Open Letter to the John's Hopkins School of Public Health

Saving lives...but penalizing your own students for being ill?
Dear JHSPH Administrators,
  I am a new Masters of Public Health student in the class of 2013. I have a documented disability (systemic lupus) that is covered under the Americans with Disabilities Act (ADA). I have been working with the JHSPH's Office of Disability Support Services, who have been extremely helpful. However, it appears that John's Hopkins policy, which Support Services is not responsible for, is in clear violation of the ADA.

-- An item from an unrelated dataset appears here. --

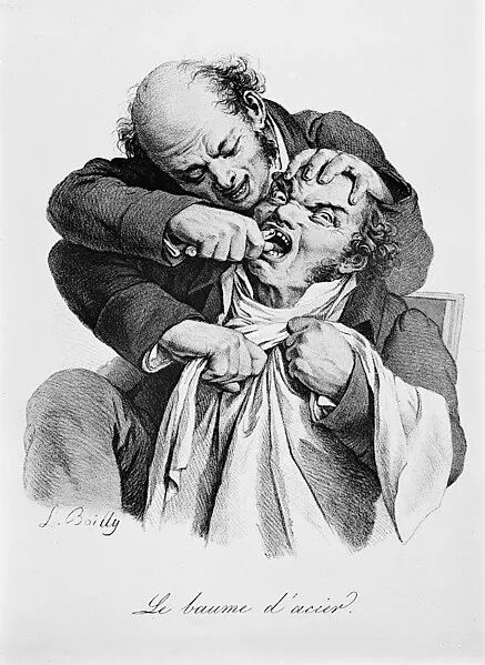 在20世纪之前甚至没有牙医这个行当,理发的托尼老师和打铁匠也会兼职拔牙,他们修理牙齿的方法就是用钳子使劲拽。当然了,这些三脚猫“牙医”并不比现在的牙医更便宜。

  Under the ADA, institutions are forbidden from "not making reasonable accommodations to the known physical or mental limitations of an otherwise qualified individual with a disability who is an applicant..." However, I have just been told that, in order to park in a garage close to the Bloomberg School of Public Health, I will be required to pay the usual $120 parking fee each month. I have no alternative but to park in this garage, as I am so photosensitive (due to lupus) that walking any distance in the sun to get to my car makes me extremely ill. Moreover, I unable to use public transportation due to the fact that I am extremely immunocompromised due to the immunosuppressant medications I take to stay alive. (I have been explicitly advised against using public transportation by my physician). So, in effect, I am being charged $120/month for having lupus. This does not seem reasonable, as I am a student, and having to pay an extra $1320 over the course of my program at John's Hopkins constitutes an undue financial hardship.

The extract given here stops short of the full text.